Neill Hamilton taught at Drew University. He cites how people in our time lose hope for the future. It happens whenever we let our culture define how the world is going to end. At this stage of technological advancement, the only way the culture can make sense of the future is through the picture of everything ending in a nuclear holocaust. The world cannot know what we know, that everything has changed by the incarnation, death and resurrection of Jesus. The same Christ, who silent at His trial, is coming to judge the world and give birth to a new creation. And so, people lose hope. Hamilton’s insight is that this substitution of an image of nuclear holocaust for the coming of Christ is a parable of what happens to Christians when they cease to believe in their own eschatological and theological heritage. The culture supplies its own images for the end when we default by ceasing to believe in biblical images of God's triumph at the end. The good news of the gospel is this: when all is said and done, God is going to win. [No Box Seats in the Kingdom, William G. Carter, CSS Publishing.]

In the Peanuts comic strip, Linus and Lucy are standing at the window looking out at the rain falling. Lucy says to Linus, "Boy, look at it rain. What if it floods the earth?" Linus, the resident biblical scholar answers, "It will never do that. In Genesis God promised Noah that would never happen again, and the sign of the promise is the rainbow." With a smile on her face, Lucy replies, "Linus, you've taken a great load off my mind." To which Linus responds, "Sound theology has a way of doing that." [Charles Schultz, Peanuts, adapted by David E. Leininger]

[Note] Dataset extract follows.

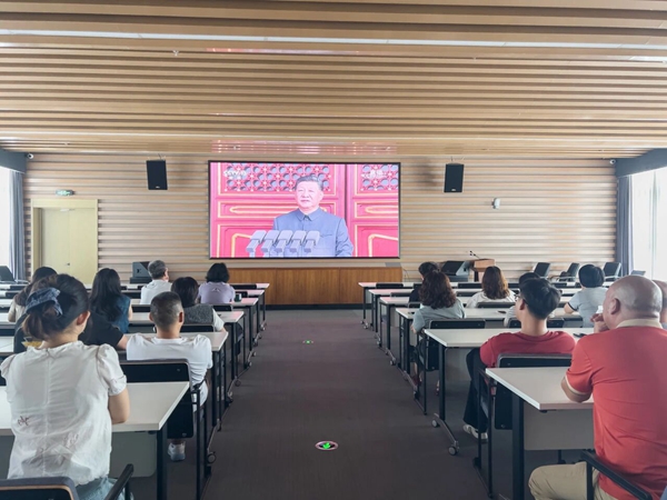 上午9時(shí),全體員工聚精會(huì)神地觀看直播畫面,不時(shí)發(fā)出陣陣贊嘆。當(dāng)國旗護(hù)衛(wèi)隊(duì)邁著鏗鏘有力的步伐走向升旗區(qū),當(dāng)雄壯的《義勇軍進(jìn)行曲》響徹天安門廣場,觀看現(xiàn)場的員工們自發(fā)起身,與現(xiàn)場同步高唱國歌,表達(dá)對祖國的深切熱愛和崇高敬意。

I want to get to the manger without any fuss. I'm ready for some shepherds, for the Christmas plays, the nice animals, the wise men, the star, and the choir singing "Silent Night." I want the tree, the eggnog, and the cookies. I want all the romance and sentiment Christmas has to offer. Don't you? But first we must get to the manger, and that road leads by the Jordan River with its prophet calling us to repentance.

Perhaps there is no Interstate we can take from here to the manger. Perhaps we can never get there at all until some landscape is leveled, some mountains pulled down, some valleys built up, some crooked places straightened and some rough spots made smooth. If that is our task, we had better be about it, lest when he comes we shall miss him, and missing Him, miss life in its fullness.